Seven months, two flash crashes over 50%. Last time it was the market makers taking the blame, this time it's the bridge contracts. Sahara AI's crisis management template hasn’t changed: "No security vulnerabilities, the team hasn't sold any tokens, and we are conducting an internal investigation."

$SAHARA today shot straight from $0.038 to $0.0129, hitting an all-time low since Binance went live, dropping over 60%, and liquidating $22.65 million in long positions. The panic stemmed from discovering 600 million tokens being moved out of team-associated wallets on-chain. The team responded saying this was a "scheduled liquidity injection via Chainlink's CCIP cross-chain bridge," and that the bridge is operating normally, with the team and investor wallets verified on-chain showing no movement. On-chain records do point to a verified locked release pool contract — technically it seems plausible.

But the issue is: a project that raised $43 million in Series A funding from Binance Labs, Pantera Capital, and Polychain Capital surely knows that moving 600 million tokens all at once without any prior warning would cause a stir?
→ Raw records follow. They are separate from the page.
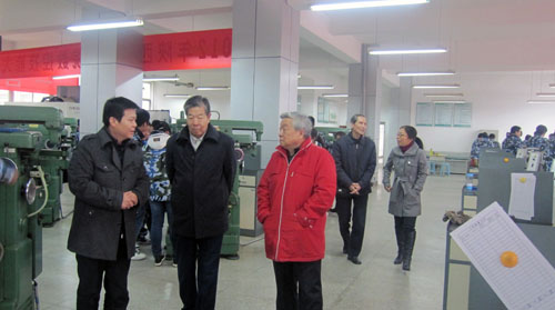 李松山理事长一行首先参观了学校机加工实训车间和数控车间,并与实习学生、指导教师进行了简短交流。汽车学院史朝辉院长介绍了学校基本情况与发展目标,模具教研室主任王晓梅汇报了我院模具专业情况及实践教学改革、校企合作上的做法和成绩,并表示将进一步依托陕西省模具工业协会这一平台,继续加大模具专业与陕西模具企业合作的力度。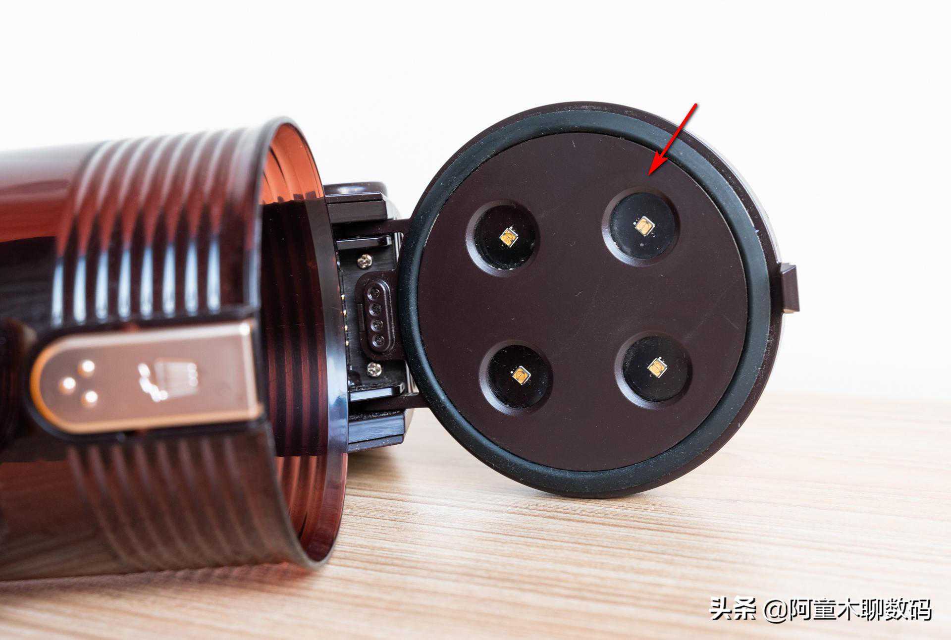 打开尘杯的底盖,可看到内部有四个大小相同的圆形UVLED灯,这就是具备Violeds杀毒技术的紫外线灯!相比一些其他品牌吸尘器的外置紫外线灯管,这种内置紫外线灯,可将细菌等病毒锁死在尘杯中,更加有效的消灭细菌。
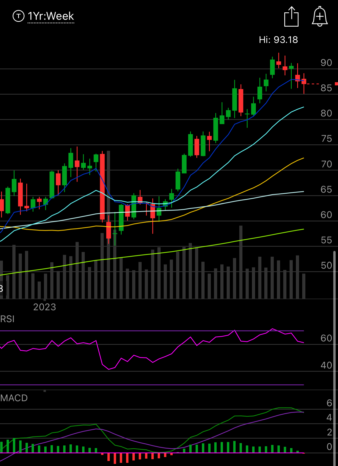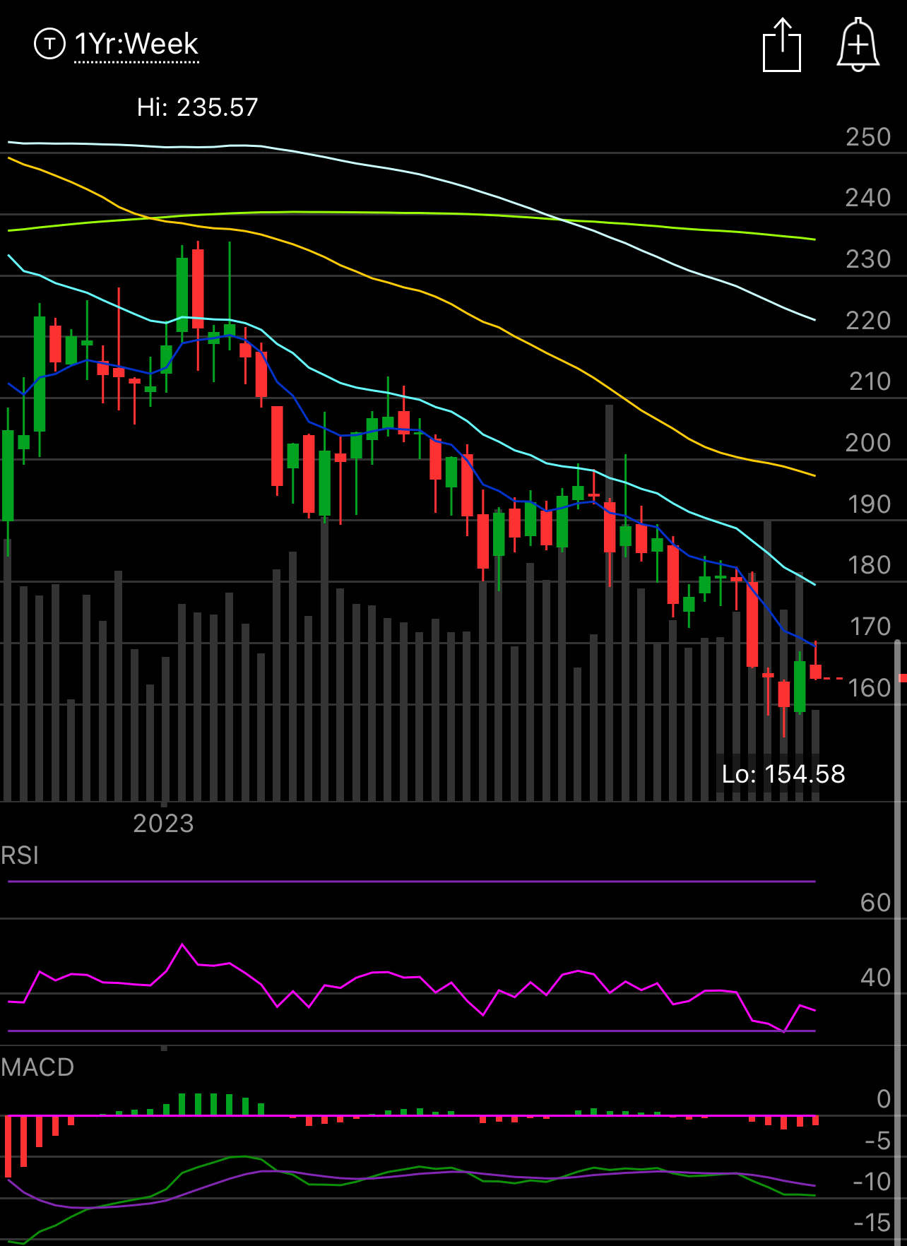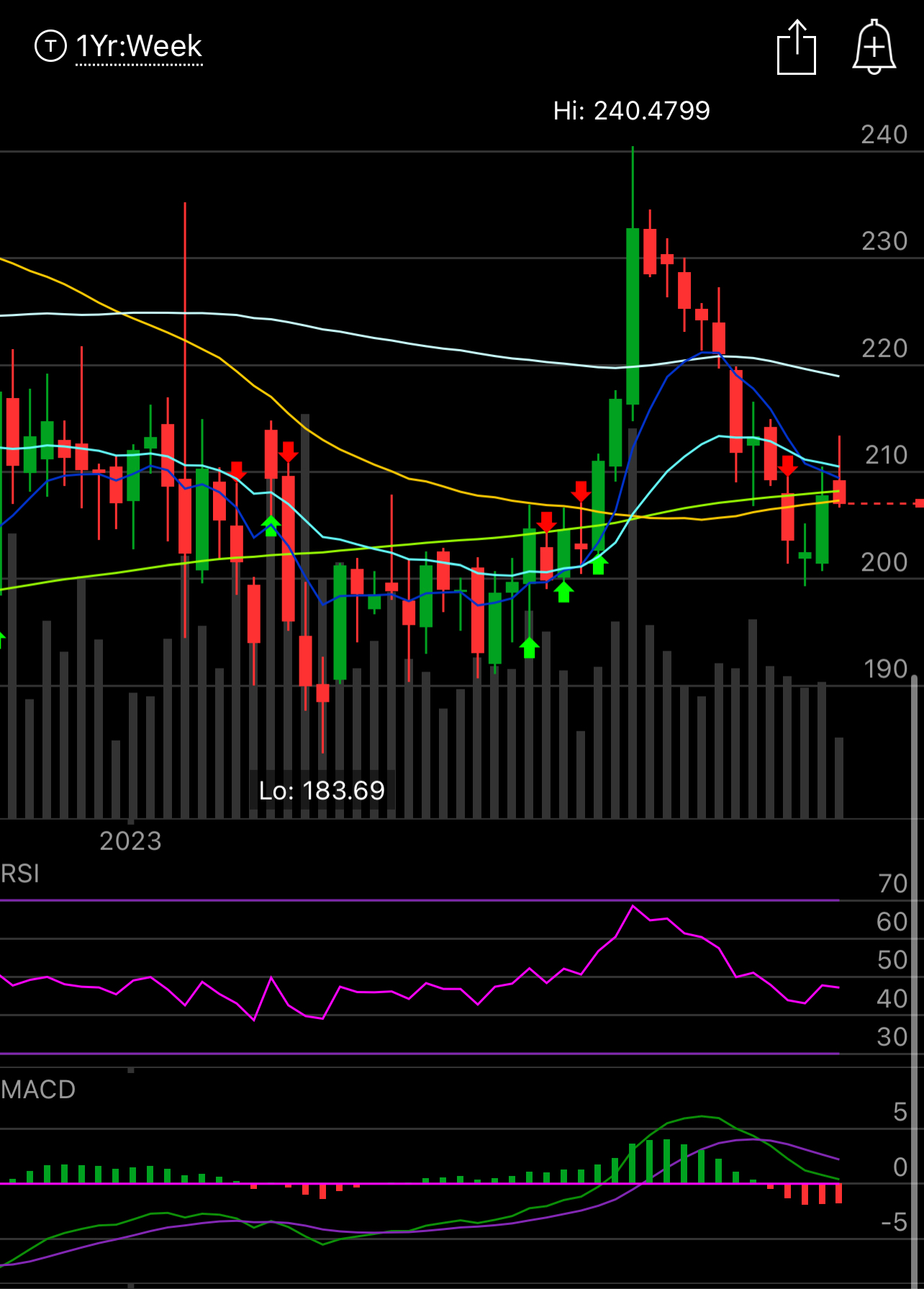 AMT - I wrote this one up a couple weeks back and today it saw a very interesting trade selling deep in the money puts at 175 and buying that same strike 175 calls in November. These can payoff nicely with just even a small move up in the next month. It rejected the 8 weekly ema again this week. I still like put sales lower as this is a very good name to have in your portfolio.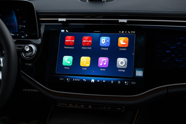 Ganz anders ist das bei langsamer Fahrt, denn der mindestens 105.036 Euro teure Mercedes AMG E53 Hybrid kann nicht nur gewaltig anschieben, sondern auch rein elektrisch cruisen. Zwar lassen sich von dem 28,6 kWh großen Akkupaket unter dem Boden des ebenen Laderaums nur schmale 21,2 kWh nutzen, doch diese reichen aus, um den stattlichen Powerkombi auf einer Strecke von über 90 Kilometern rein elektrisch surren zu lassen. Diese Strecke dürfte für die meisten Nutzer im Alltag locker ausreichen, um die Strecken im urbanen Umfeld geräuschlos und günstig ohne Einsatz des Verbrenners zurückzulegen. Das klappt immerhin bis zu einer Geschwindigkeit von 140 km/h und ist nicht nur dann ideal, wenn zu Hause unter Umständen sogar selbst produzierter Strom vertankt werden kann. Gewohnt wenig aussagekräftig ist dabei der hybride Normverbrauch, der mit 0,9 bis 1,1 Litern Super auf 100 Kilometer angegeben, wird.
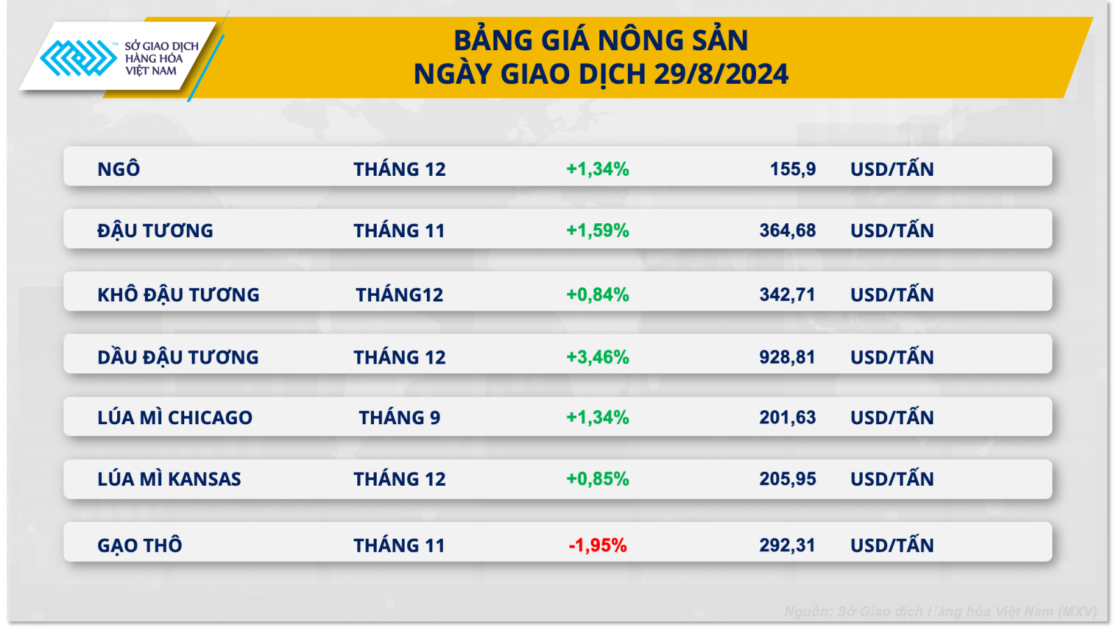 Sắc xanh cũng bao phủ bảng giá hai mặt hàng thành phẩm của đậu tương trong phiên 29/8. Giá khô đậu tương hợp đồng tháng 12 diễn biến khá giằng co. Giá khởi sắc ngay sau khi mở cửa và theo sát với diễn biến giá của đậu tương, nhưng nhanh chóng suy yếu vào cuối phiên trước áp lực chốt lời của thị trường. Tuy vậy, giá khô đậu vẫn ghi nhận mức tăng gần 1% sau khi kết phiên. Trong khi đó, dầu đậu tương là mặt hàng tăng mạnh nhất cả nhóm trong phiên hôm qua với mức tăng lên tới 3,46%.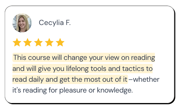 You’ll enjoy the course and become a better reader OR you’ll try it out, it won’t be a fit, and you’ll get your money back.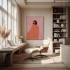 Ο πίνακας “The Woman with the Swirls” απεικονίζει μια γυναίκα τυλιγμένη σε ένα ριγέ φόρεμα με έντονα πορτοκαλί και λευκά σχήματα, που δημιουργούν μια αίσθηση κίνησης και ζωντάνιας. Το ροζ φόντο προσθέτει μια απαλή και ονειρική διάθεση, ενώ η απλή αλλά εκφραστική φιγούρα της γυναίκας προσδίδει στο έργο μια αίσθηση ηρεμίας και γλυκύτητας. Η υψηλής ποιότητας εκτύπωση σε καμβά διατηρεί την ένταση των χρωμάτων και την καθαρότητα των γραμμών, εξασφαλίζοντας ότι το έργο θα παραμείνει ζωντανό και εντυπωσιακό για χρόνια. Ο πίνακας είναι ιδανικός για την προσθήκη μιας μοντέρνας και παιχνιδιάρικης νότας σε οποιονδήποτε χώρο, όπως ένα καθιστικό, υπνοδωμάτιο ή ακόμα και έναν δημιουργικό χώρο εργασίας. Η ζεστή παλέτα χρωμάτων και η μοναδική σύνθεση του “The Woman with the Swirls” τον καθιστούν κατάλληλο για να φέρει φρεσκάδα και ζωντάνια στη διακόσμηση του σπιτιού σας. Τοποθετήστε τον σε έναν χώρο με φυσικό φως για να αναδείξετε την ομορφιά και τη λεπτομέρεια του έργου. Συνδυάστε τον με άλλα στοιχεία διακόσμησης σε απαλούς τόνους για να δημιουργήσετε μια αρμονική και ευχάριστη ατμόσφαιρα.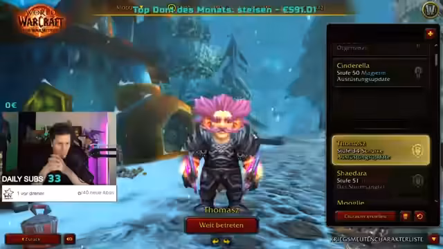 04:53:35Nach einem kurzen Seitenstrick über technische Probleme wird der Fokus auf eine beeindruckende Statistik gelenkt. Der Streamer gibt an, bereits seit 18 bis 19 Jahren World of Warcraft zu spielen. Er schätzt, dass er mit einem einzelnen Charakter über 10.000 Stunden Spielzeit hat und insgesamt einen enormen Teil seines Lebens in dem Spiel verbracht hat. Er betont, dass er ohne dieses Spiel und die daraus resultierende Online-Freundschaften ein anderer Mensch wäre und sein Leben grundlegend anders verlaufen wäre.
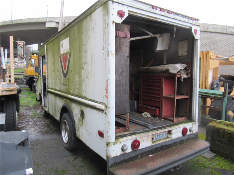 13' STEP VAN SERVICE TRUCK, V8 GAS ENGINE, AUTO TRANSMISSION, ROLL UP DOOR (RUNS BUT GAS IS BAD)

This isn’t a technical issue; it’s a governance IQ issue. If you want to do a liquidity injection for the bridge, isn’t it easy to send out a notice 24 hours in advance?

What’s even more nerve-wracking is that on June 26, about 1.03 billion SAHARA tokens are waiting to be unlocked, which is nearly a third of the current circulating supply. The team has now set up a community governance vote to discuss a "compensation plan," which looks sincere, but if they can’t even manage basic information disclosure, who will trust you for the next unlock? Last November's flash crash during the "market maker liquidity event" didn’t yield any complete recap for the community either. Trust isn’t built on a voting mechanism; it’s built by thinking ten seconds longer before every transaction.